Tatsache ist, dass das erste Festschlagen des betroffenen Stiftes schon einiges gebracht hat. Daran konnte man also erkennen, dass die Unreinheit tatsächlich am Steg und nicht in einer tauben Saite entstand. Finde ich schon mal wichtig. Die derzeitige Zwischenlösung des Filzes in klingenden Teil der Saite macht es in jedem Fall erträglich, war also auch nach 6 Monaten spielen ein voller Erfolg, aber eben keine finale Lösung.

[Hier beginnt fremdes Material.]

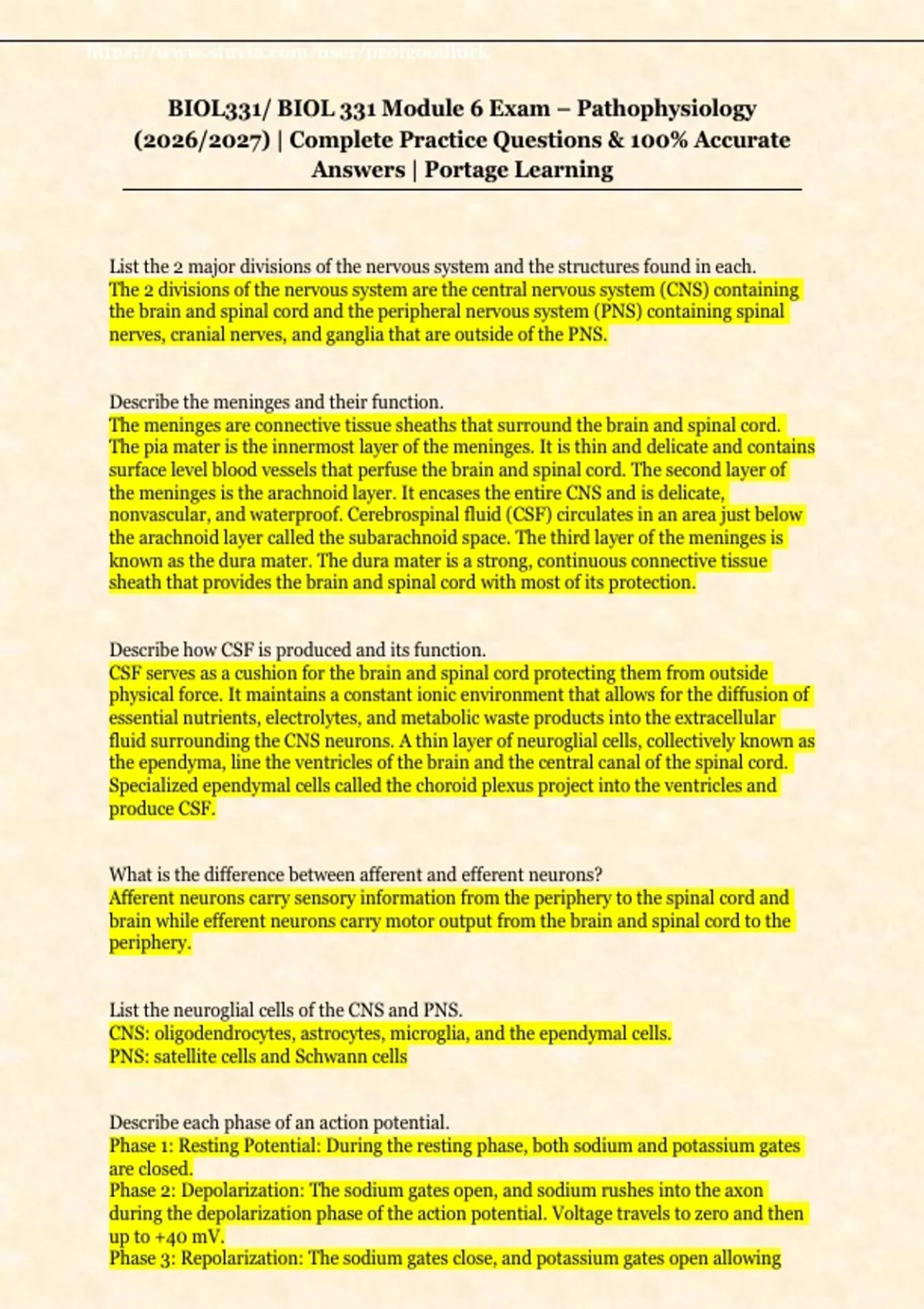 BIOL331/ BIOL 331 Module 6 Exam – Pathophysiology

Jetzt standen zwei Optionen zur Diskussion:
* Wie @Tastenscherge schon fein gezeigt hat, ist Epoxy ein Lösungsansatz. Caveat: Mehrere Saiten müssen gelöst werden, das Zeugs muß lange aushärten und der Meister meint, dass Epoxy nicht unbedingt die komplette Oberfläche innerhalb des Risses abdeckt, also nicht hineinkriecht und damit nicht unbedingt die notwendige Stabilität auf lange Sicht gewährleistet werden kann. Hm.
* Einsetzen eines minimal größeren Stegstiftes. Das war anfänglich angedacht, aber mittlerweile hat sich herausgestellt, dass es keine Stegstifte mit genau diesem winzig größeren Maß gibt.
Nun war ich in der letzten Woche in den USA mit einem klaren Fokus auf diverse Klaviergeschichten, vom Treffen von Künstlen, über Besuch eines Konzertes und einer Meisterklasse und auch dem ausufernden Besuch bei zwei Klavierbauern, die unterschiedlicher nicht sein könnten.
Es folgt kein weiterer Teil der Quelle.